Brief = Find the line with "脳動脈瘤内へカテーテルを介し" in the records below. Output exactly from there until after the line with "在雙曲線法的基礎(chǔ)上", without pictures.

Given information =

══════════════════════════════

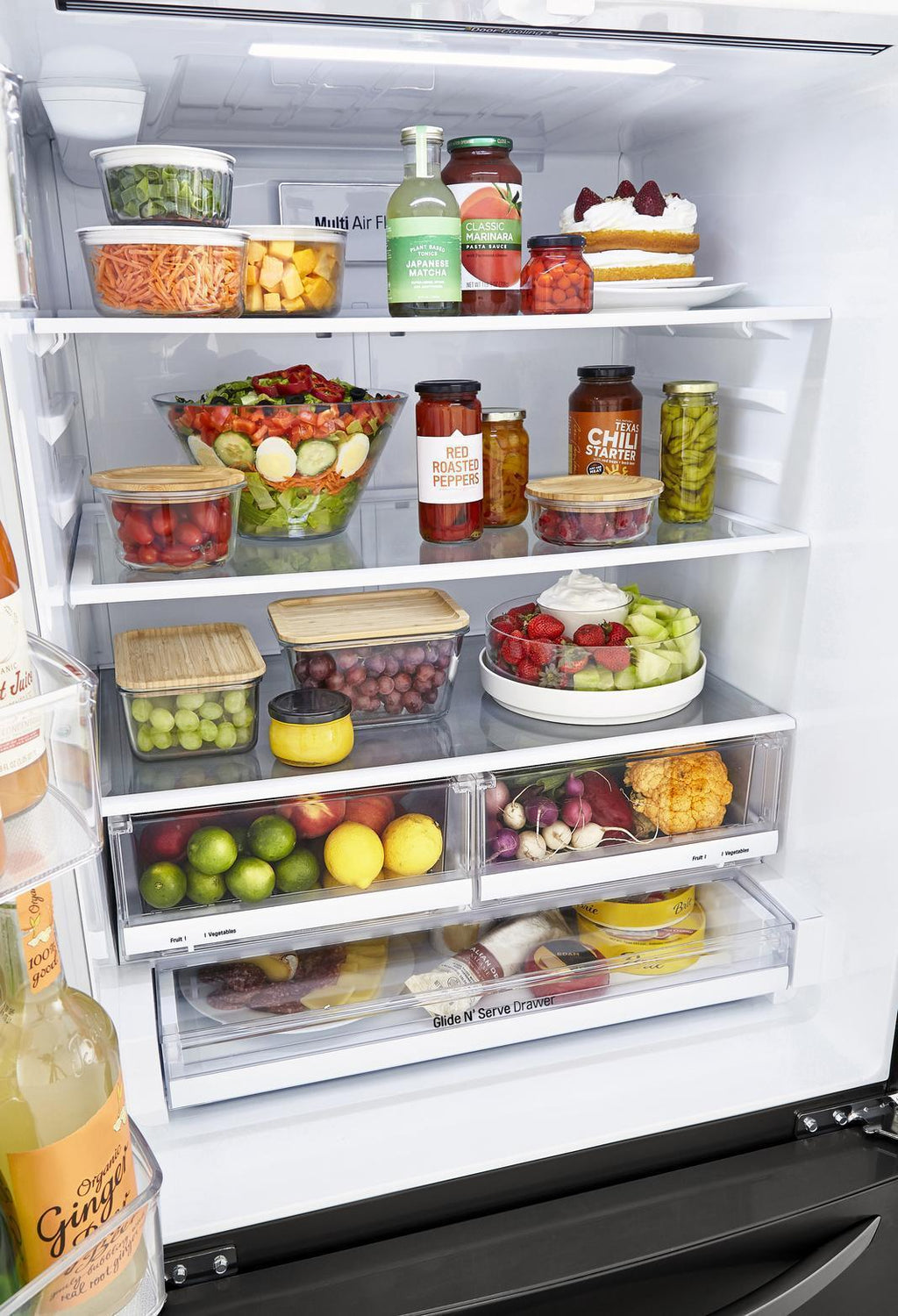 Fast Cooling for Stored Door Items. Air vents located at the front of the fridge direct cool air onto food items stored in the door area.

══════════════════════════════

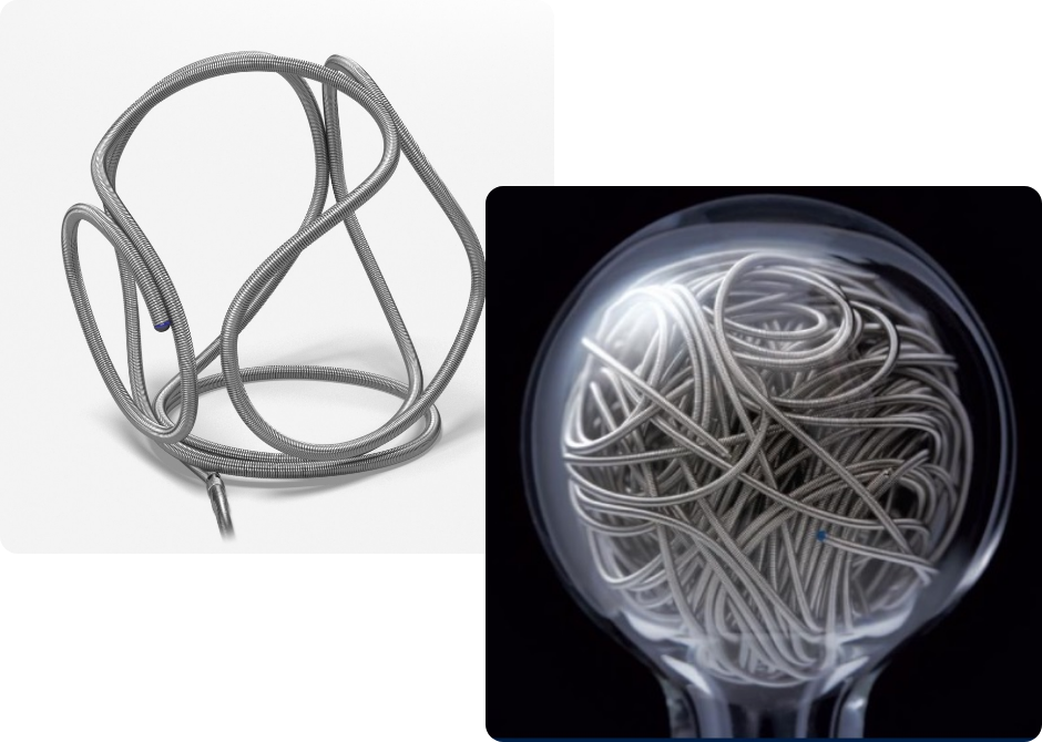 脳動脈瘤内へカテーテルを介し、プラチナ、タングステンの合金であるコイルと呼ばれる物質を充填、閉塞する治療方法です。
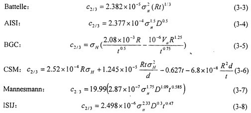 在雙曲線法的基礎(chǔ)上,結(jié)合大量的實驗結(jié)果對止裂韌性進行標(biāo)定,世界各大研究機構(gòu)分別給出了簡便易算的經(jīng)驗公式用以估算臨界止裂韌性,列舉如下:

══════════════════════════════

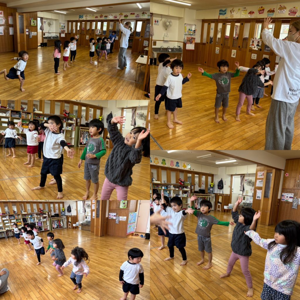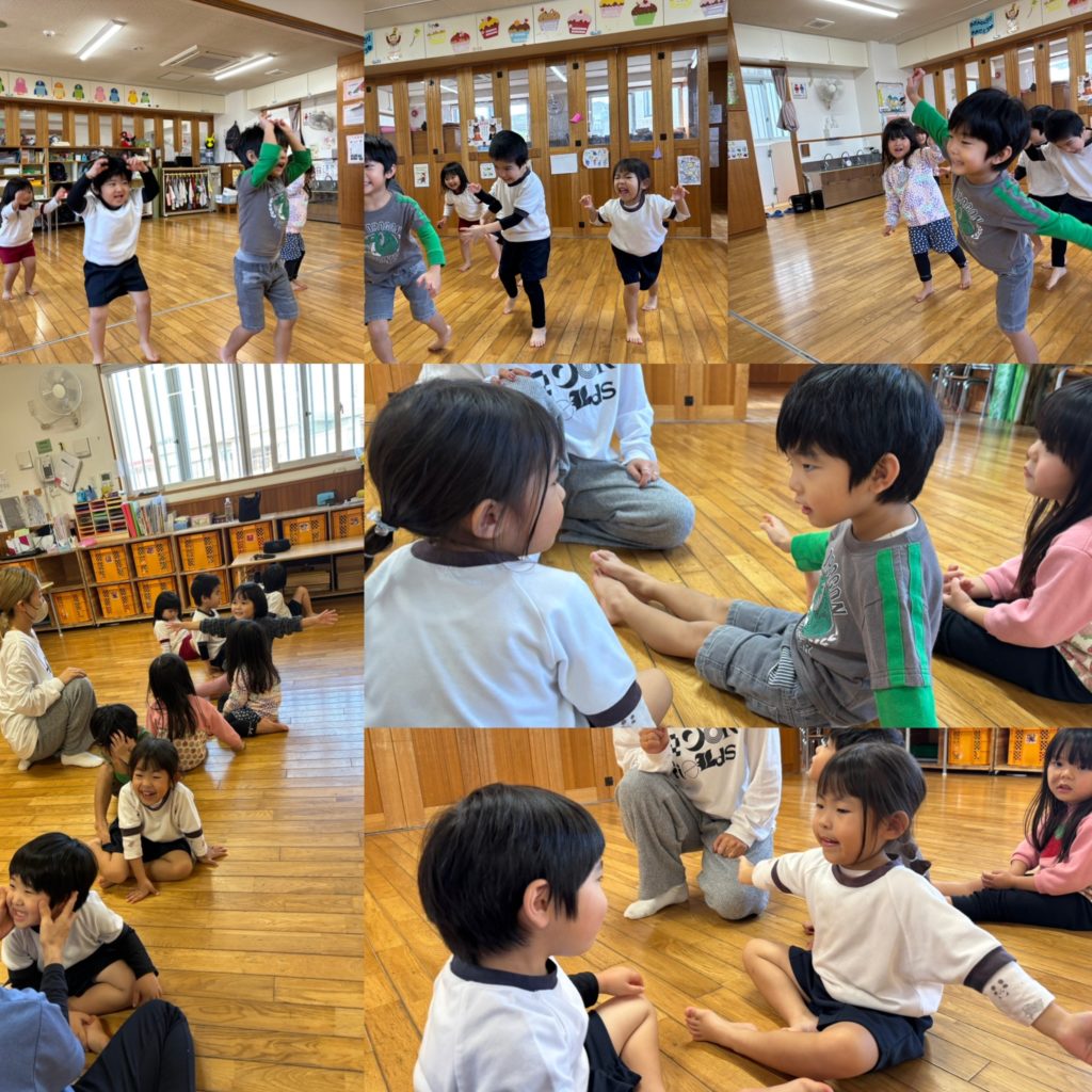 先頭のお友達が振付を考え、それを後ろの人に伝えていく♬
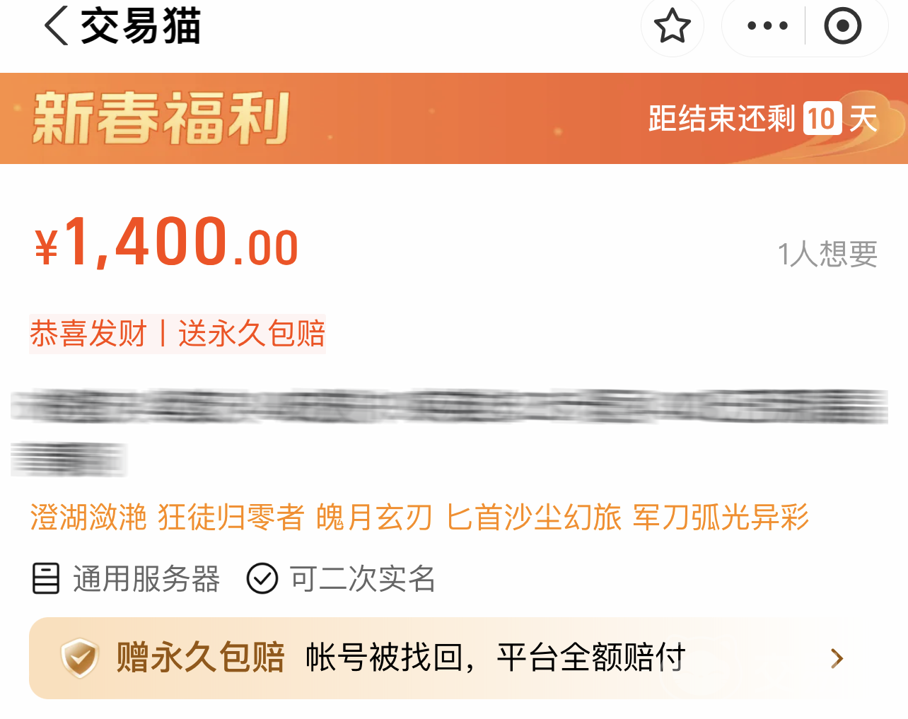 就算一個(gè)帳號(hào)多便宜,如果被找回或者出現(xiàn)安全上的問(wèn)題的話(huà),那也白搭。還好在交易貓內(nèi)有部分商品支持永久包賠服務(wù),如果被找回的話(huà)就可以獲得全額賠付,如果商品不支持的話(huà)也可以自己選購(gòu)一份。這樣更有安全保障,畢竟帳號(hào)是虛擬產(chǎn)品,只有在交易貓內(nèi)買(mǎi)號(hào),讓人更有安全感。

══════════════════════════════

Solution to the exercise =
 脳動脈瘤内へカテーテルを介し、プラチナ、タングステンの合金であるコイルと呼ばれる物質を充填、閉塞する治療方法です。
 在雙曲線法的基礎(chǔ)上,結(jié)合大量的實驗結(jié)果對止裂韌性進行標(biāo)定,世界各大研究機構(gòu)分別給出了簡便易算的經(jīng)驗公式用以估算臨界止裂韌性,列舉如下:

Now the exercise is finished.